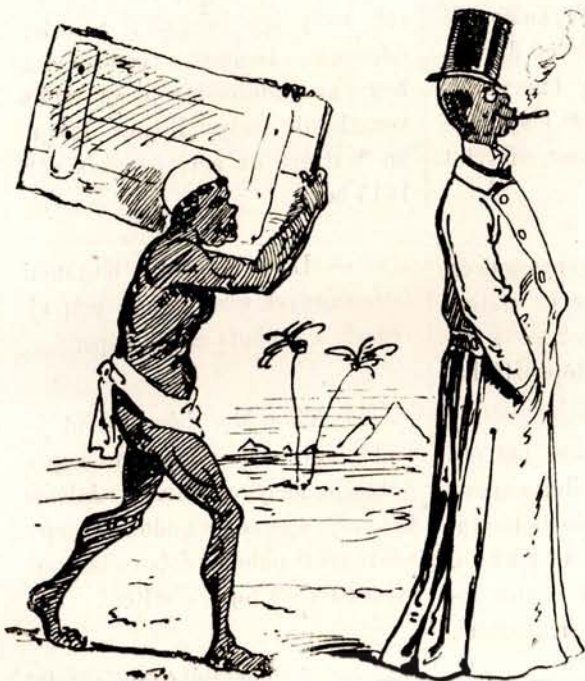
A núbiai Daud gentlemanné lesz és Davidson nevet vesz föl.
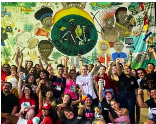
Figura 2. Membros da ITCP UNIR.
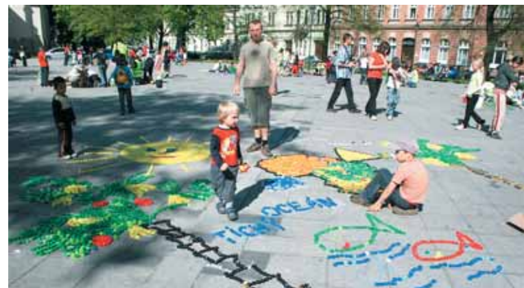
Na přívozkém náměstí stavěli z víček světadíly.
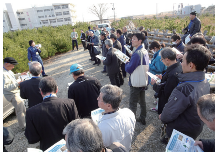
海岸防災林再生ワークショップ

造成されたファンドの運用益は、森林に親しみ森林づくりに参加していただくための普及啓発活動や、森林と水との関わりなど森林の公益的機能についての実践的な調査研究、緑化推進に関する国際交流の推進など、森林づくり運動への理解を深め、協力を得るための事業に活用しています。
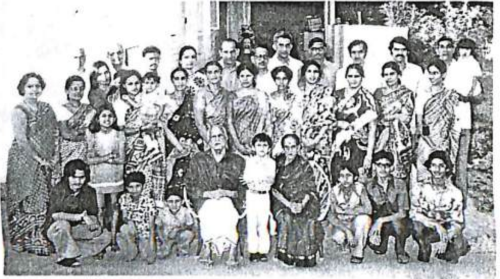
ತಮ್ಮ ೮೦ನೇ ಹುಟ್ಟುಹಬ್ಬದ ಸಂದರ್ಭದಲ್ಲಿ ಕುಟುಂಬವರ್ಗದವರೊಂದಿಗೆ ತೆಗೆಸಿಕೊಂಡ ಛಾಯಾಚಿತ್ರ
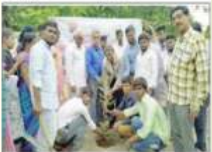
మొట్టమొదటి స్వచ్ఛభారతీ కార్యక్రమం నిర్వహించిన సందర్భంగా

స్వచ్ఛభారతీ కార్యక్రమం నిర్వహించిన సందర్భంగా ముఖ్య అధికారి వారు స్వచ్ఛభారతీ కార్యక్రమం గురించి వివరాలు తెలియజేసి, దీనిని ప్రోత్సహించారు. ఈ సందర్భంగా వారు స్వచ్ఛభారతీ కార్యక్రమం గురించి వివరాలు తెలియజేసి, దీనిని ప్రోత్సహించారు.
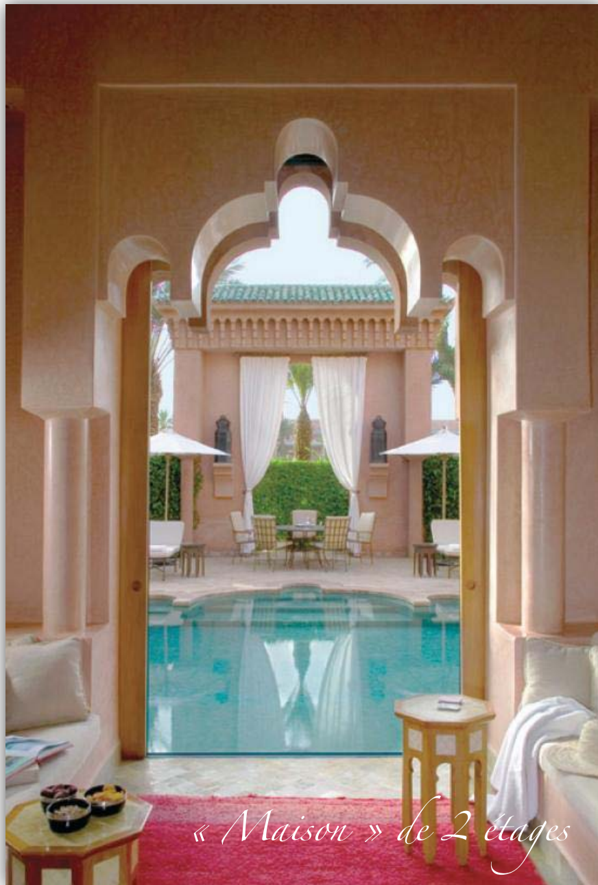
« Maison » de 2 étages
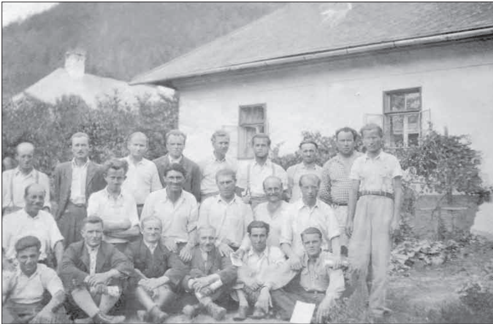
Védkerület vezetők a füzéri tanfolyamon 1950 nyarán

Az 1950. január 1-jén kezdődő első ötéves terv keretszámait jelentősen felemelték, így ismét 15 800 m 3 lett a fakitermelési feladat. A dogmatikus-szektás politika különösen falun éreztette káros hatását, aminek következtében károsan megváltoztak a körülmények.
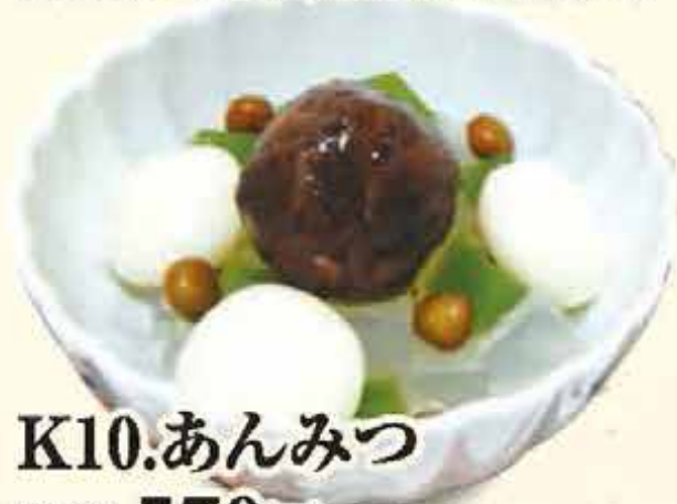
K10.あんみつ 税込570円 (本体価格528円)

Problem to solve:
Above this task is a listing with pictures in it. Retype only the lines from the one containing "海岸防災林再生ワークショップ" through the one containing "మొట్టమొదటి స్వచ్ఛభారతీ కార్యక్రమం", both included, and not the pictures.

Task solution:
海岸防災林再生ワークショップ

造成されたファンドの運用益は、森林に親しみ森林づくりに参加していただくための普及啓発活動や、森林と水との関わりなど森林の公益的機能についての実践的な調査研究、緑化推進に関する国際交流の推進など、森林づくり運動への理解を深め、協力を得るための事業に活用しています。
ತಮ್ಮ ೮೦ನೇ ಹುಟ್ಟುಹಬ್ಬದ ಸಂದರ್ಭದಲ್ಲಿ ಕುಟುಂಬವರ್ಗದವರೊಂದಿಗೆ ತೆಗೆಸಿಕೊಂಡ ಛಾಯಾಚಿತ್ರ
మొట్టమొదటి స్వచ్ఛభారతీ కార్యక్రమం నిర్వహించిన సందర్భంగా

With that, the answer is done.